Все рассмеялись, глядя на ужимки хранителя. Даже Этрустилла широко раскрыла пасть и вывалила язык, что, вероятно, означало улыбку. Потом они попросили проходившего мимо придворного принести черепахе новый ужин.
– Ну что же, пора возвращаться, – со вздохом сказал Кианит.
День уже клонился к вечеру, и на Драгомир опускались мягкие сумерки. Идя к воротам, друзья любовались садом и молчали. Говорить не хотелось, каждый погрузился в свои мысли. Эгирин вновь начал волноваться о том, какое решение примут правители. Аметрин вспомнил о проблемах с отцом и тоже загрустил.
Друзья попрощались с Кианитом и погрузились в лунфилет, где на месте пилота уже сидели Пиритти с Пироппо, а Нефелина улыбалась, глядя на их возню.
– Что такой невеселый, Эгирин? – спросила она, хитро прищурившись. – Ты должен прыгать до небес, а ты скис, как молоко на солнышке.
Юноша с надеждой взглянул на нее.
– Неужели… да?! – выдохнул он.
– Да, да, да, – звонко рассмеялась Нефелина.
Радость озарила ее лицо, и всем на мгновение показалось, что перед ними сидит юная девочка, удивительно похожая на Луну. Эгирин даже моргнул несколько раз, чтобы наваждение исчезло.
– Криолина специально прилетела ко мне после совета, чтобы я передала тебе эту новость. Сардер зря так волновался, правители приняли идею с воодушевлением. Все верят в тебя. Так что дело за тобой.
– Я не подведу, – одними губами прошептал Эгирин, чуть присев от мощного хлопка по спине, которым на радостях его наградил Аметрин.
– Соревноваться с достойными соперниками, – сказал тот, – это именно то, чего я хочу.
– Началось, – прошептала Сентария Луне, недовольно сморщив нос. – Сейчас опять будет хвастаться.
Но Аметрин благоразумно не стал развивать эту тему. Он молча стащил возмутившихся братьев с кресла пилота и, усевшись за штурвал, уверено повел лунфилет к Манибиону.
Эгирин, все еще не верящий своему счастью, молча смотрел вниз, прикидывая свое новое расписание, которое позволит уместить в день все, что нужно успеть.
6
Уже со следующего дня Кианит, Оникс и Эгирин начали готовиться к экзаменам и поединкам. Сильвина с Виоланой решили тоже попытать счастья. Аметрин, несмотря на строжайший запрет отца, все равно готовил заявку, но тайно. Пиритти с Пироппо обещали прикрыть старшего брата в случае необходимости. А когда его кандидатура будет утверждена, никто не сможет помешать ему участвовать.
Луна загрустила. Она-то предвкушала насыщенные каникулы, а у друзей совсем не было времени. Даже Сентария, которой пока не грозили выпускные экзамены, целыми днями торчала во Флорессии. Создание сентариума прекраснейшего близилось к завершению. Сентария надеялась, что в этот раз все получится даже без мудрости жемчуга, о которой она мечтала.

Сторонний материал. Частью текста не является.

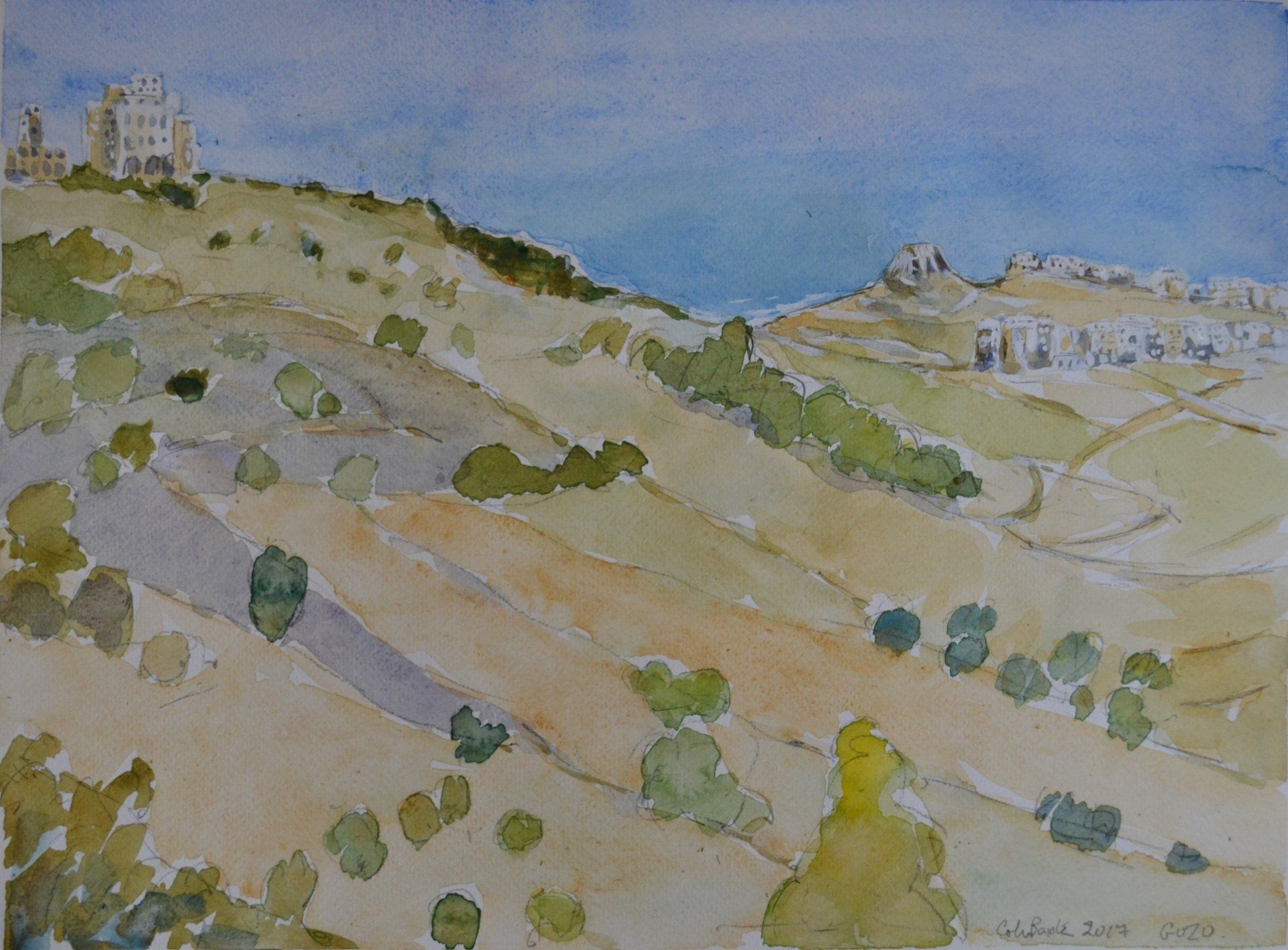 After the rain, St Paul's Bay, Malta, 2017, water colour, print only
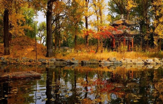 为了给游客营造更好的游园体验,圆明园实行落叶缓扫措施,暖黄色的叶片铺满路面,形成一条“金色走廊”,秋风吹过,片片黄叶盘旋飘落,如梦似幻。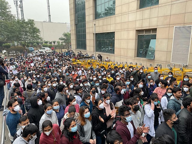 Doctors from across all government hospitals in Delhi have gathered at Safdarjung Hospital on Tuesday, December 28, 2021, to register their protest against the delay in the NEET PG counselling and the manhandling done by Delhi police against agitating doctors on Monday.
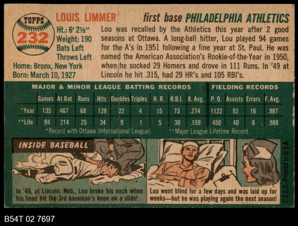 | 1954 Topps #232 Lou Limmer | 4 - VG/EX | Front | Back |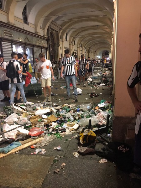 TORINO – Una transenna che cade o forse lo scoppio di alcuni petardi, la paura di un attentato ed il panico che dilaga. Oltre trentamila tifosi radunati in piazza San Carlo a Torino per la finale di Champions League che cominciano a scappare, cercando di correre, calpestando chi nella concitazione cade. In pochi minuti la piazza si svuota, restano a terra oltre 1500 feriti (ma la cifra sale di ora in ora), sangue e oggetti persi.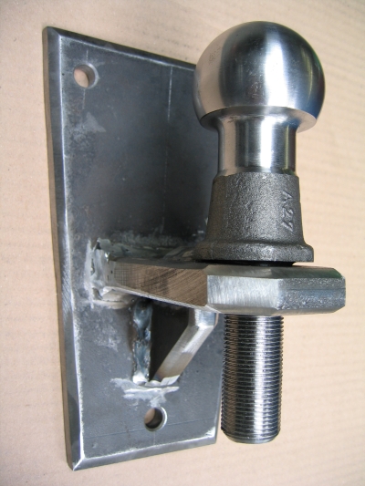 Eine Halteplatte zur Aufnahme einer Anhängerkupplung in der Garage. Wandmontage.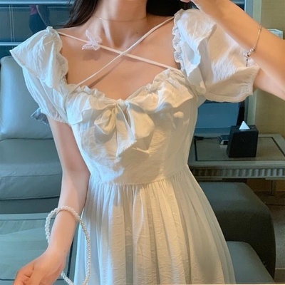 白色。新款2020系带长裙短袖夏季女仙连衣裙方领中复古女裙设计感热门设计联盟服务商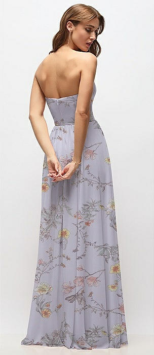 Strapless Basque Drop Waist Floral Chiffon Maxi Dress with Shirred Skirt in butterfly botanica silver dove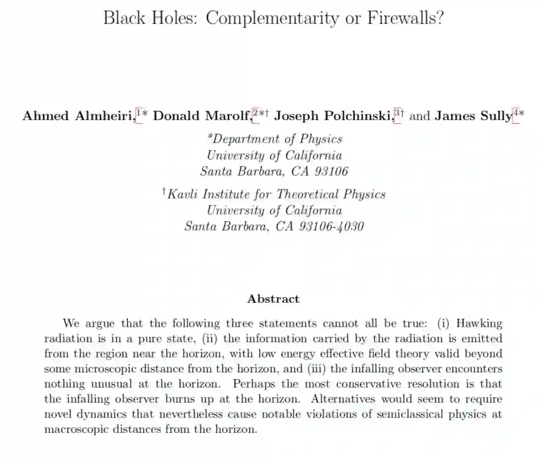 ○ 2012年,Polchinski与其它三位合作者提出了火墙悖论,使黑洞信息悖论变得更加扑朔迷离。| 图片来源:arXiv:1207.3123v4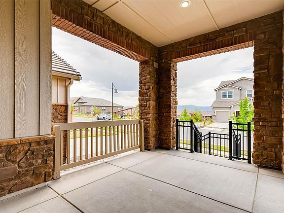 New home! Ready now! Spacious ranch plan with wonderful mountain views from the private front study. Chef's kitchen with double ovens, gas cooktop, upgraded dark maple cabinets with lovely staggered appearance and large center island with quartz countertops. Beautiful wide plank engineered wood floors throughout the living areas with upgraded carpet in the bedrooms. Cozy fireplace in the great room with stacked ledgestone and covered patio with exterior stone fireplace for entertaining and relaxing. Large master suite with wonderful natural light opens to spacious 5 pc master bathroom with lovely tilework. Two secondary rooms share Jack & Jill bath. Full unfin bsmt with rough plumbing and 9' ceilings. Home is adjacent to open space/trail and across the street from the community park. Easy access to Boulder/Denver and the Airport. Energy Star Certified and HERS rated. Thunder Vista elementary and middle school opening August 2018!

Поэтому Луна решила еще пару дней побездельничать, а потом тоже возобновить занятия. Она хотела побыстрее освоить воздушную и водную стихии, а после поединков присоединиться к Эгирину в школе целителей.
Несмотря на ее страхи, обучение давалось довольно легко. Вода принимала девушку как свою. А вот со своенравным воздухом приходилось соперничать. Луна побаивалась ветра, и тот, чувствуя ее страх, постоянно шутил над ней.